Overview

 Interleukin-33 is a member of the IL-1 family of cytokines, which plays its role after binding to its specific cell membrane receptor. Involvement of IL-33 in certain acute and chronic inflammatory and auto-immune diseases has been previously reported. Interleukin-33 is found in the nuclei of the producing cells like epithelial and smooth muscle cells and is widely expressed in tissues, yet specifically located within cell types such as epithelial linings and smooth muscle cells (1). The biological effect of the presence of IL-33 in the nucleus is not well recognized, and at least two different roles have been explained. First, storage of IL-33 in the nucleus may act as an alarm in, which is released after cell destruction to modify the immune response and the surrounding tissue. Second, IL-33 was found to participate with heterochromatin and it was proposed that nuclear IL-33 negatively alters gene transcription by an intracrine, non-IL-33 receptor-mediated pathway by a yet to be known molecular mechanism. Therefore, IL-33 is a dual function cytokine, which acts as an intracellular modulator of gene expression and also as an alarm in agent that begins inflammation in response to cellular necrosis (2).

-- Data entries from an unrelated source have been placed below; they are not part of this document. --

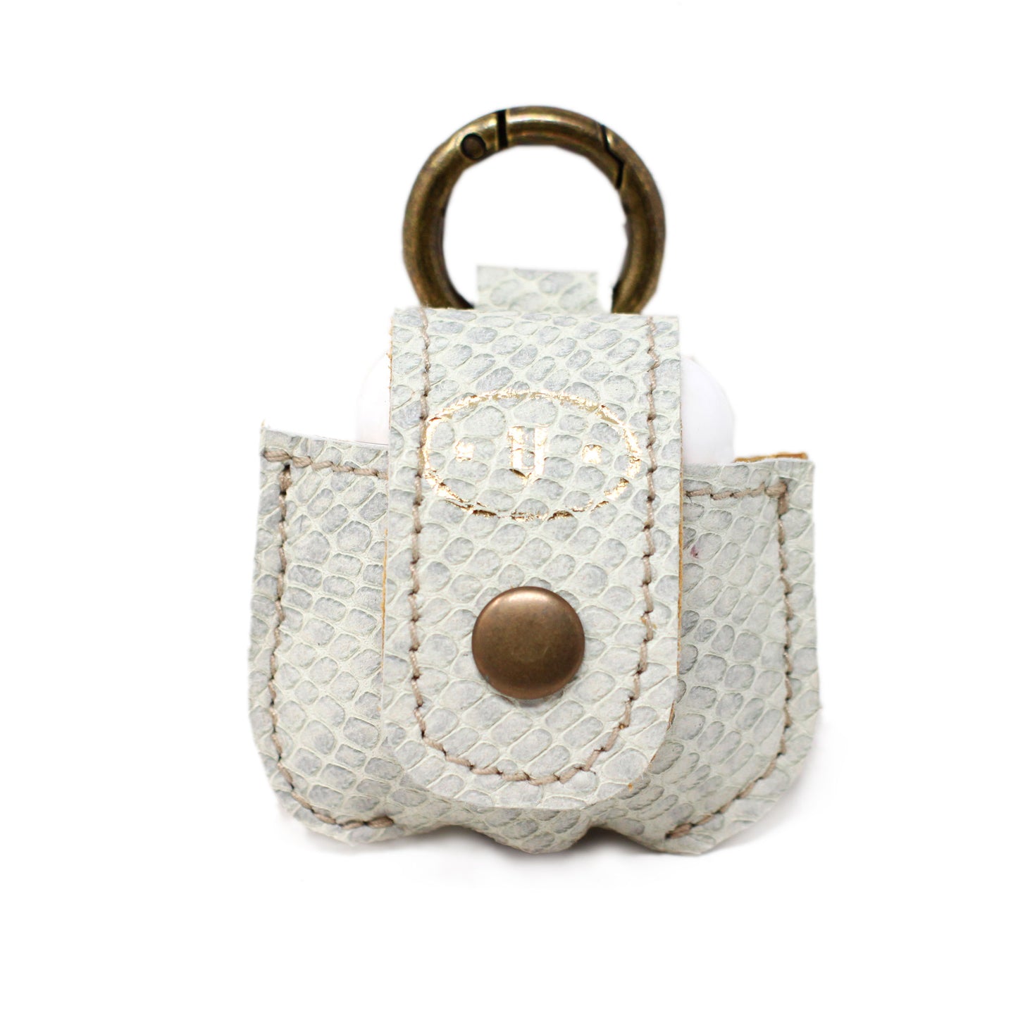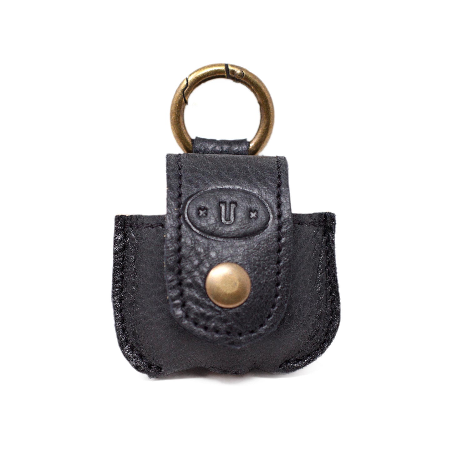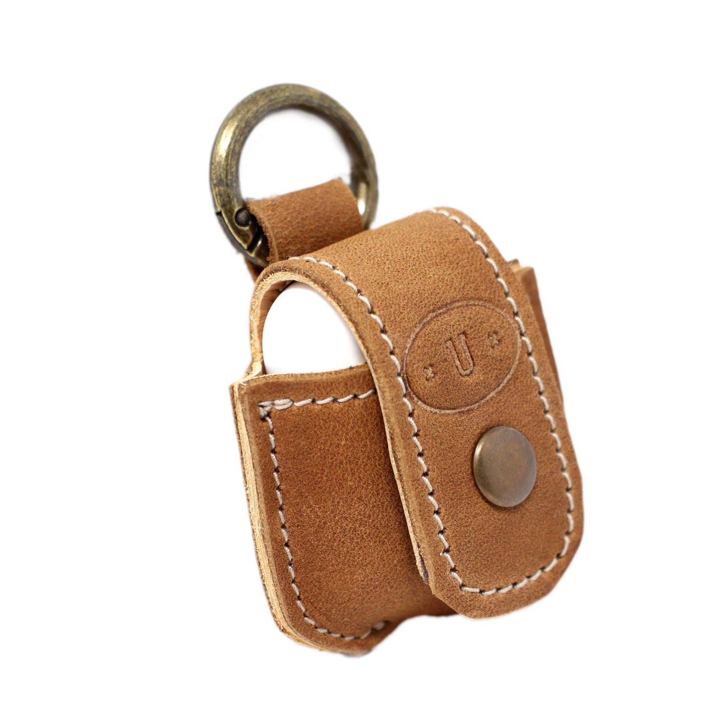 Handmade leather case for Apple Airpods , with button closure and carabiner hook.
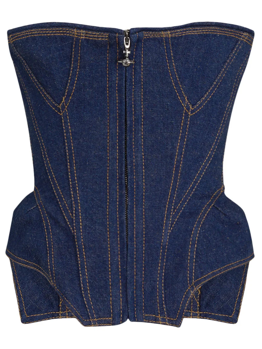 Denim Cobrax Corset in Indigo from Vivienne Westwood Highlights - dark blue - denim - strapless design - straight neckline - front zip closure - lace-up back - model is 5'11/180cm and is wearing a size 40 Made in Italy Designer ID: 15030040-W0162 Colour ID: INDIGO Materials 80% Cotton 20% Linen
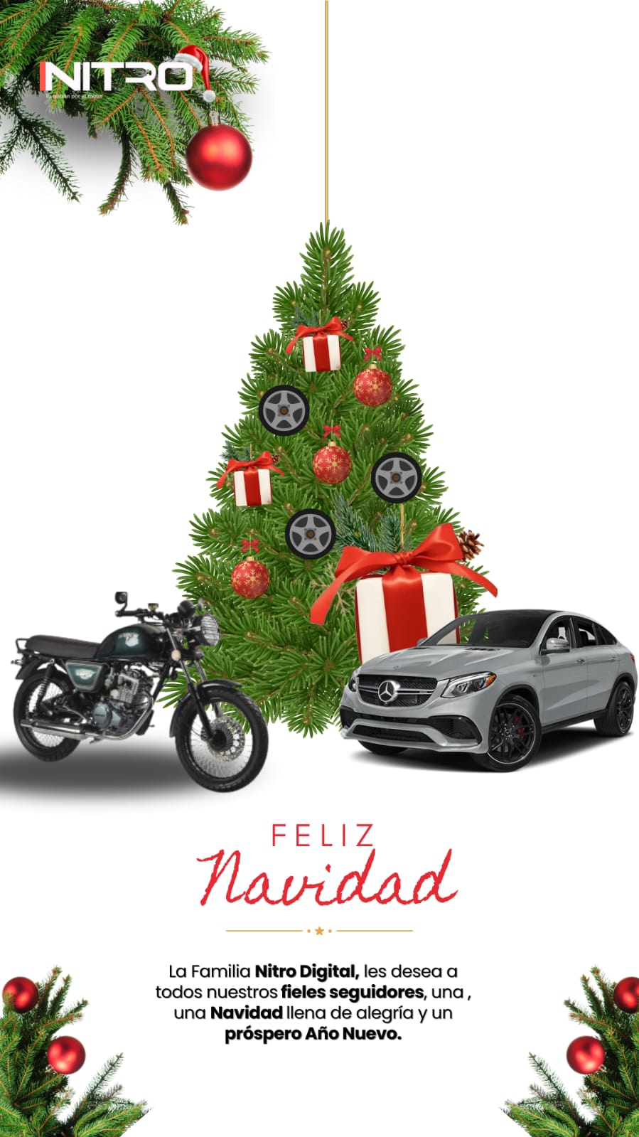 La familia de Nitro Digital que dirige Giovanna Alvarado, periodista, influencer y jurado para Perú del Women’s World Car of the Year, desea a todos sus clientes, seguidores y amantes de los autos que pasen una feliz Navidad en compañía de sus seres queridos.
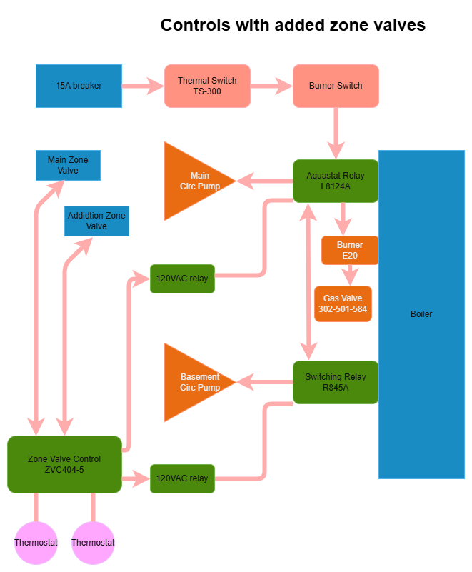Since the basement zone basically never calls for heat, I think that I could do it like this, with a Taco Next Generation Zone Valve Control with Priority. I could put the basement on the priority zone, since it has one thermostat input and one output. I could install the two thermostats for the main house and addition, and send those outputs to the zone valves. Then I could put the circulator pump outputs (priority and zone) to relays which would act the same way as the thermostats do in the current system.

Interleukin-33 as a pro-inflammatory cytokine can mediate various immune responses. Previous studies have shown increased serum levels of IL-33 in patients with rheumatoid arthritis compared to healthy control subjects (3). It seems that synovial fibroblasts are one of the major sources of IL-33 in RA, generating huge amounts of IL-33 in the presence of TNF-α stimulation in vitro. Additionally, in vivo data demonstrated that administration of IL-33 increased the severity of experimental arthritis (3). Surprisingly, in the present study, serum IL-33 levels had no significant changes compared to the control group. Also there were no significant alterations in serum IL-33 levels in patients with DM and PM three months after treatment compared to the patients before treatment. In addition, serum IL-33 levels had no correlation with other clinical parameters inpatients with DM and PM. (3)

 

St2 role 

The reason for this may be that elevated levels of ST2 can bind to IL-33 and decrease the serum levels of IL-33 in patients with DM and PM. Dermatomyositis and Polymyositis are rare diseases, therefore, the number of subjects was not large enough to explore the relationship of cytokine levels and other serum parameters such as CK and CRP. 

In conclusion, high serum levels of IL-33 provide further evidence for activation of inflammatory and immune response in patients with DM/PM. This suggested that IL-33 may have a pathological function in DM/PM and will be a valuable marker for diagnosis of DM/PM, and anti-IL-33 may be a useful agent for the treatment of DM/PM, which should be considered by future investigations.(4)

 

Trials

In one trial, serum sST2 and IL-33 levels in 49 DM and 21 PM were detected by enzyme-linked immunosorbent assay (ELISA). Erythrocyte sedimentation rate (ESR), C-reactive protein (CRP), creatine kinase (CK), lactate dehydrogenase (LDH) and antinuclear antibody (ANA), anti-Jo-1 antibody and anti-Mi-2 antibody were tested by standard laboratory techniques. Interstitial lung disease (ILD) was identified on high-resolution computed tomography (HRCT). The visual analogue scale (VAS) of the disease activity, muscle strength, lung functional parameters and other clinical features of DM/PM patients were recorded as well.(4)

Sera sST2 levels were significantly higher in DM and PM patients and correlated with CRP, CK, LDH and VAS. The level of serum sST2 decreased after therapy. Conversely, serum levels of IL-33 in patients with PM and DM were not significantly higher than those from HC. (4) (5)
 

Relevance

The level of sST2 is elevated in sera of DM and PM patients. sST2 levels were correlated with other markers of disease activity. This data support that sST2 may play a role in DM and PM.

Footnotes : 

1.Hak AE, .Dermatomyositisand polymyositis: new treatment targets on the horizon.Neth J Med. 2011;69(10):410–21. [PubMed: 22058260]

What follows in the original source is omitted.